• **TASK GOAL**
When you copy from the entries that follow, take only the lines from the one with "Pinza de bureta" down to the one with "Kampf der KapitäneSig", keeping both ends and dropping every picture.

• **LISTED RECORDS**
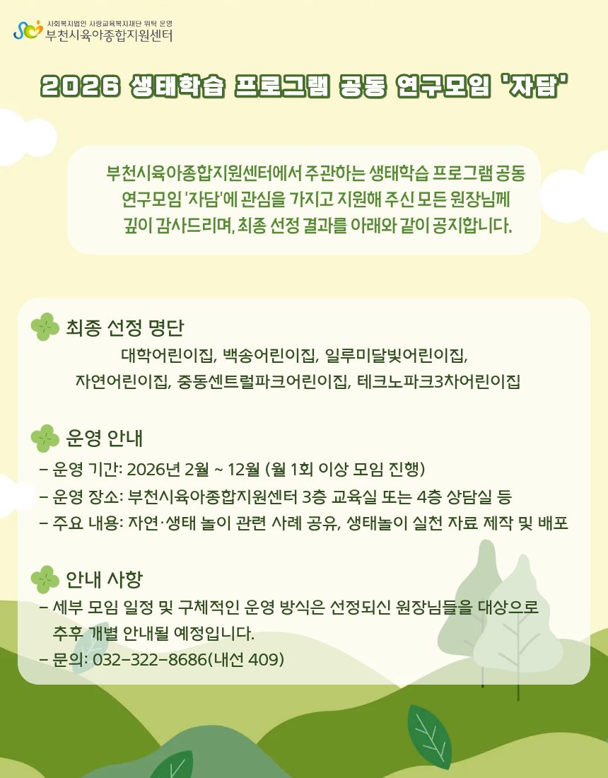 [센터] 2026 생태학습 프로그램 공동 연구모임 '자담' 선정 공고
* * *
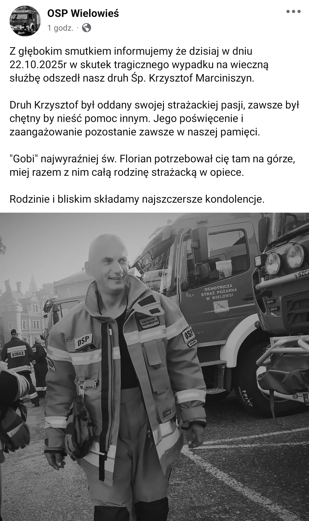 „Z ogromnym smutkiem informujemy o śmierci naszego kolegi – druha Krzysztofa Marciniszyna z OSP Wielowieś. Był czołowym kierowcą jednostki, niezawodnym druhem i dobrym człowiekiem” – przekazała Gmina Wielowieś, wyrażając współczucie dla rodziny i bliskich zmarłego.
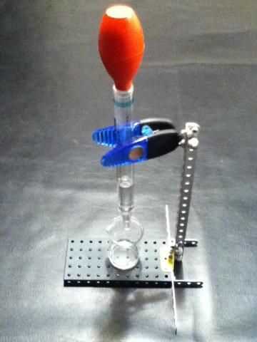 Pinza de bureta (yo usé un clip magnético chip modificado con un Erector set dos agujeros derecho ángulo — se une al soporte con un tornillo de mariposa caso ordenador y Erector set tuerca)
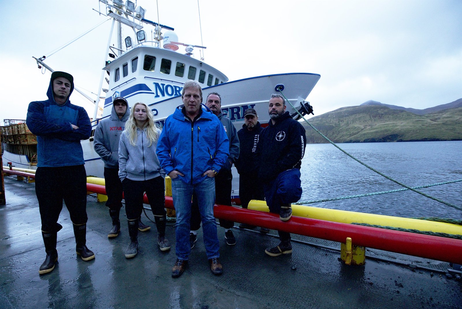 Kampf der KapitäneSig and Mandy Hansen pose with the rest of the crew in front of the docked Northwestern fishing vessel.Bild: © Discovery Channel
---
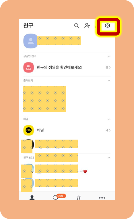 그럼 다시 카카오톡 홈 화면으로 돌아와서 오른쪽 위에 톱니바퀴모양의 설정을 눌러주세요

• **SOLUTION**
 Pinza de bureta (yo usé un clip magnético chip modificado con un Erector set dos agujeros derecho ángulo — se une al soporte con un tornillo de mariposa caso ordenador y Erector set tuerca)
 Kampf der KapitäneSig and Mandy Hansen pose with the rest of the crew in front of the docked Northwestern fishing vessel.Bild: © Discovery Channel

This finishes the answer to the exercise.